### Work instructions:
Reproduce everything from the line that contains "FIGURA 23 |" down to the line that contains "Ο Δ.Σ. της ΕΤΕ, ΑΛ, Τουρκολίας" in the listing below, word for word and nothing more. Leave the pictures out.

### Source data:
--
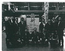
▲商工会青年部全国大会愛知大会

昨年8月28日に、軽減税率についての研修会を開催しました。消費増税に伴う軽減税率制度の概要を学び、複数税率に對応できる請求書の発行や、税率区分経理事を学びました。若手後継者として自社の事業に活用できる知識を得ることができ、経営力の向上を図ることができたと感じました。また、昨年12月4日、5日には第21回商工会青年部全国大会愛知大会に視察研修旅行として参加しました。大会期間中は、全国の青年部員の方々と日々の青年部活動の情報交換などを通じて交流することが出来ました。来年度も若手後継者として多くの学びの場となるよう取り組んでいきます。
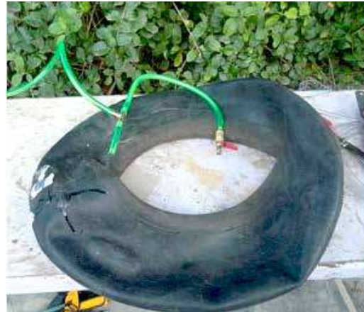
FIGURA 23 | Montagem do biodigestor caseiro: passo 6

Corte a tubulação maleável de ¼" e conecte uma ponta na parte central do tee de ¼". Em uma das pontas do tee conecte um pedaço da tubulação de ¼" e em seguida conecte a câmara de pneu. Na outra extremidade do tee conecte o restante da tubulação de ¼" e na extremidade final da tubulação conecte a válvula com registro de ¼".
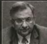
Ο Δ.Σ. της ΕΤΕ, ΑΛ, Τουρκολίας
--
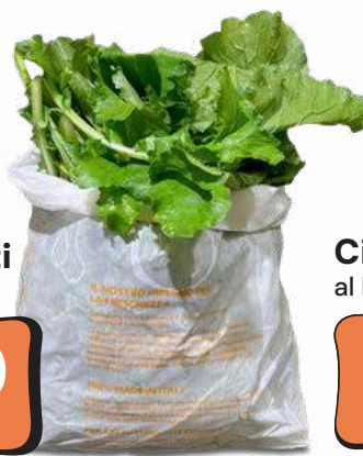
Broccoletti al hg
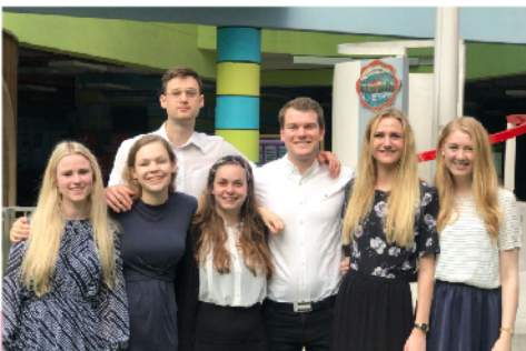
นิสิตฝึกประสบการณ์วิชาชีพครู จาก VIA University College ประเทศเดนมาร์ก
--
### Exercise response:
FIGURA 23 | Montagem do biodigestor caseiro: passo 6

Corte a tubulação maleável de ¼" e conecte uma ponta na parte central do tee de ¼". Em uma das pontas do tee conecte um pedaço da tubulação de ¼" e em seguida conecte a câmara de pneu. Na outra extremidade do tee conecte o restante da tubulação de ¼" e na extremidade final da tubulação conecte a válvula com registro de ¼".
Ο Δ.Σ. της ΕΤΕ, ΑΛ, Τουρκολίας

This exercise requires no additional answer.